Pusat Bandar Damansara is a township in the Segambut constituency of Kuala Lumpur, Malaysia. The original buildings making up the township were constructed between 1981 and 1984, and were demolished in 2016 for new development.

Background

Offices in the original buildings of Damansara Town Centre were occupied by government ministries, departments and other private corporations such as Damansara Realty Berhad, Indah Water Konsortium, HELP University College and Johor Corporation (J-Corp). Department of Immigration Malaysia and Ministry of Housing, and Local Governments Malaysia used to have their offices here and have since moved to Putrajaya, while passport renewal services were relocated to Pudu Sentral several years ago. Restaurants, convenience stores, supermarkets were located on the ground floor.

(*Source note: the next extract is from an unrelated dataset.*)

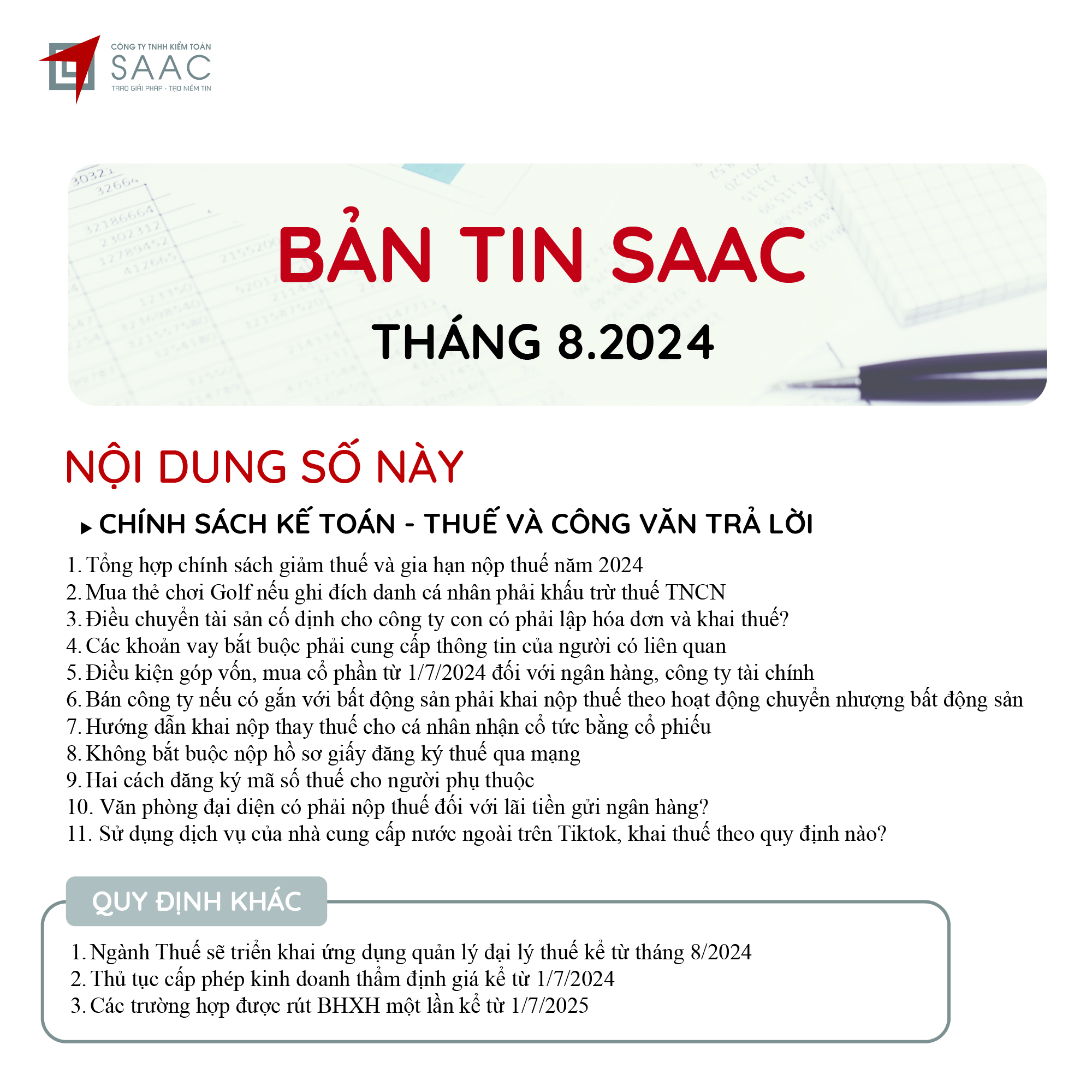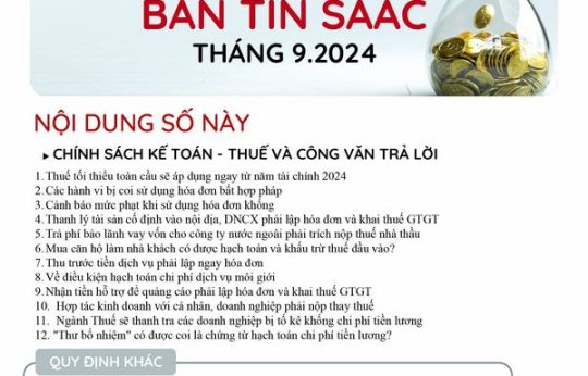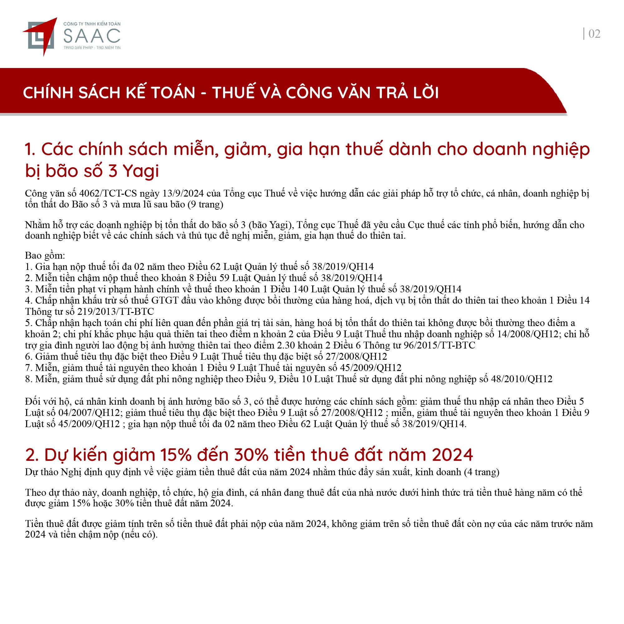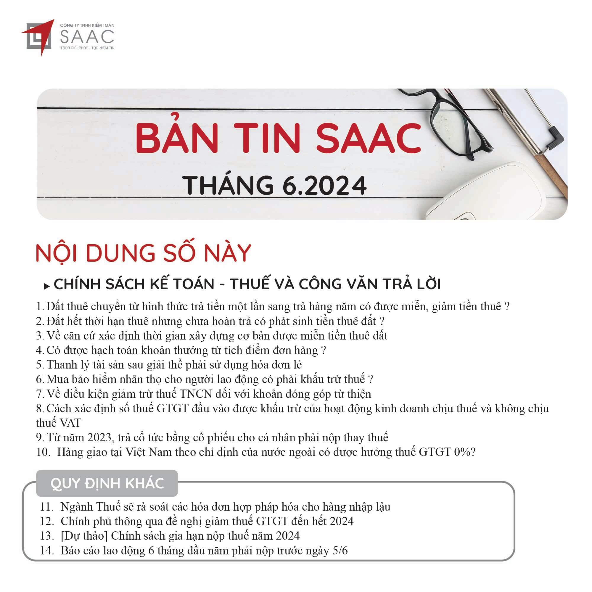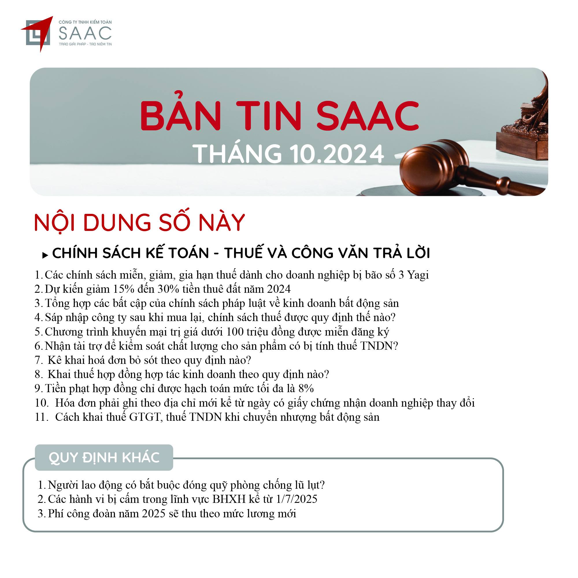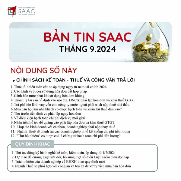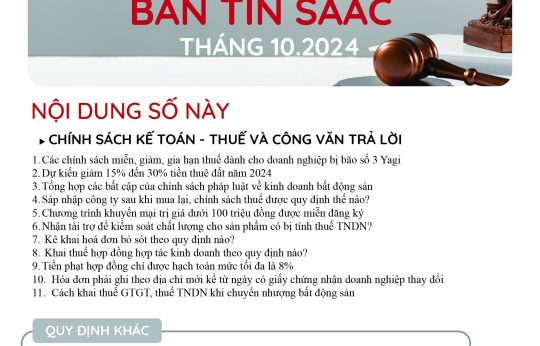 Bản tin SAAC tháng này cập nhật các lưu ý về Các chính sách miễn, giảm, gia hạn thuế dành cho doanh nghiệp bị bão số 3 Yagi, Dự kiến giảm 15% đến 30% tiền thuê đất năm 2024, Tổng hợp các bất cập của chính sách pháp luật về kinh doanh bất động sản, Sáp nhập công ty sau khi mua lại, chính sách thuế được quy định thế nào?, Chương trình khuyến mại trị giá dưới 100 triệu đồng được miễn đăng ký,..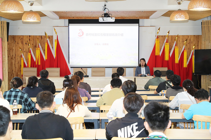 上午9时许,参加活动的全体师生在佘村社区活动中心共同进行了铸牢中华民族共同体意识微讲座的学习。佘村社区红石榴工作室创办人、南京江宁春晖爱心驿站理事长、江宁区民族团结进步促进会会员屈素丽为大家作了主题分享。屈素丽表示,佘村历史文化底蕴深厚,坐拥“佘村七古”等颇具特色的自然人文景致,享有“金陵古风第一村”的美誉。近年来,佘村在江宁区委、区政府的指导与支持下,立足实际、持续发力,成功打造了以红石榴家园“8个1”工作模式为代表的特色品牌,将佘村培育成为了各民族共居、共学、共建、共享、共事、共乐的家园,有力地促进了各民族交往交流交融,形成了各民族携手并肩、和谐共处、团结奋斗,共同建设美好家园的生动局面。屈素丽希望参加活动的36365师生以本次活动为良好契机,走进佘村、了解佘村,并诚挚邀请同学们到佘村投身社会实践和志愿服务工作。

During the upgrading of Jalan Damansara into  Sprint Expressway's Damansara Link in 2000, the town centre became an "island" between separate carriageways. In 2011 the Twins@Damansara Heights condominium block opened, the first of many high rise buildings to come. In 2014 it was announced that the original buildings of Damansara Town Centre will be demolished and redeveloped as office buildings, apartments, a hotel and 'Pavilion Damansara Heights', the sister of the Pavilion Mall in Bukit Bintang in downtown Kuala Lumpur.

Access

Public transport
Damansara Town Centre lends its name to, and is served by, the  Pusat Bandar Damansara and  Semantan MRT stations. These stations once served as the only connection between the Kajang MRT Line and KL Sentral by rapidKL bus T819, while waiting for opening of the Semantan-Kajang stretch in July 2017.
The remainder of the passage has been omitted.